After her first year of law school, she interned at the Alliance Defense Fund, what would later become the Alliance Defending Freedom (ADF), the anti-LGBTQ+ and anti-abortion organization that the Southern Poverty Law Center labels a “hate group.” ADF contends that recognizing the rights of LGBTQ+ Americans to marry is an attack on society, with some suggesting that ADF believes “conservative Christians should be dominating every aspect of society.” In August 2017, Rushing took part in an ADF panel about the Blackstone Legal Fellowship program, which advocates for the criminalization of abortion, and promotes LGBTQ+ discrimination. It also trains and supports Christian fellows to develop the law through the knowledge that “man lacks authority to write a law that contradicts God’s law.” On her Senate questionnaire, she noted that she had given speeches to the group at least seven times since 2012.

In a 2013 speech at a forum titled “Enemies of Mankind: Religion and Morality in the Supreme Court’s Same-Sex Marriage Jurisprudence,” Jones Rushing expressed her support for the Defense of Marriage Act (DOMA) and her opposition to the Windsor decision, in which the Supreme Court ruled the law unconstitutional and that the federal government cannot discriminate against married same-sex couples when determining benefits and protections. Jones Rushing argued that “the fact that DOMA codified the definition of marriage that had prevailed throughout most of human history… was evidence that the law did have a valid basis.” She also criticized the way in which the majority opinion was written, “that calls it bigotry to believe that homosexuality does not comport with Judeo-Christian morality.”
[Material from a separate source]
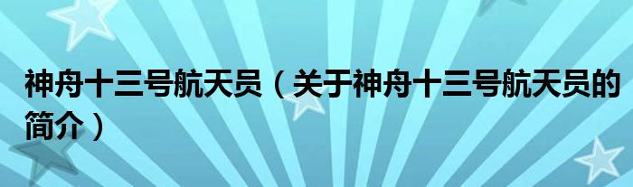 大家好,神舟十三号航天员,关于神舟十三号航天员的简介很多人还不知道,现在让我们一起来看看吧!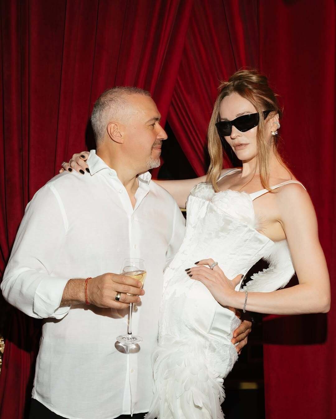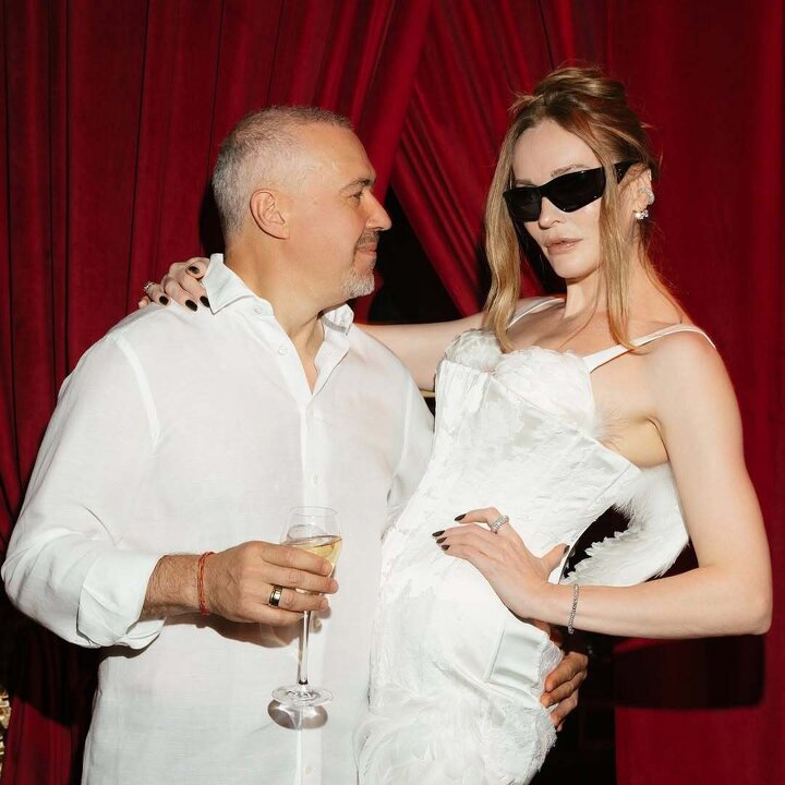 Фэшн + велнес-инфлюенсер Наталья Давыдова aka Тетя Мотя выдала маккуиновскую базу на семейное празднование фарфоровой (20 лет!) свадьбы с топ-менеджером Иваном Стрешинским — спасибо дизайн-авангардисту Илье Мигмуну, отшившему крылатый white-tie-бодикон. «Влюбилась в работы Ильи, увидев его костюм для Коробочки из моего любимого спектакля “Мертвые души” топового творческого объединения “Озеро” (тети-Мотин фонд “Эволюция” заботливо патронирует московский театр с мегакрутым актерским составом — Марией Смольниковой, Викторией Исаковой, Максимом Виторганом, Светланой Ивановой и Полиной Цыгановой. — Прим. ред.)». Мигмун сочинил свадебное платье из кружева (веддинг-база) и фирменных перьев (оммаж Зигфриду и Одетте) за 10 дней без единой примерки — село безупречно. А стилист Юка Вижгородская дополнила образ лакированными шпильками Alaïa и очками Balenciaga. Празднование 21-й свадьбы Тети Моти и Ивана Стрешинского — уже в to-do-листе на 2026 год (манифестируем торжество в свежеприобретенной петербургской квартире в доме Веге)!

She has also been a member of Leonard Leo’s Federalist Society since 2012, although her connection to the right-wing advocacy organization goes back further. In 2005, she published an article in the Federalist Society Review, “Engage,” in which she argued that the plaintiffs in two cases regarding the Ten Commandments displayed on government property lacked standing. With her co-author, Jordan Lorence who is the current Director of Strategic Engagement for ADF, she complained that “these delicate plaintiffs with eggshell sensitivities” were attempting to censor religious expression without any real injury, just as “offended observers.” Notably, when 303 Creative, a manufactured case built and argued by ADF in which the plaintiffs suffered no real harm, landed in front of the Supreme Court, her former boss, Neil Gorsuch, had no objections to hearing the case. Not only did he rule that the “offended observers” fulfilled the standing requirement, he also overturned Colorado’s public accommodation laws to carve out an exception to discriminate against LGBTQ+ individuals for those who claim not discriminating would violate their religious beliefs.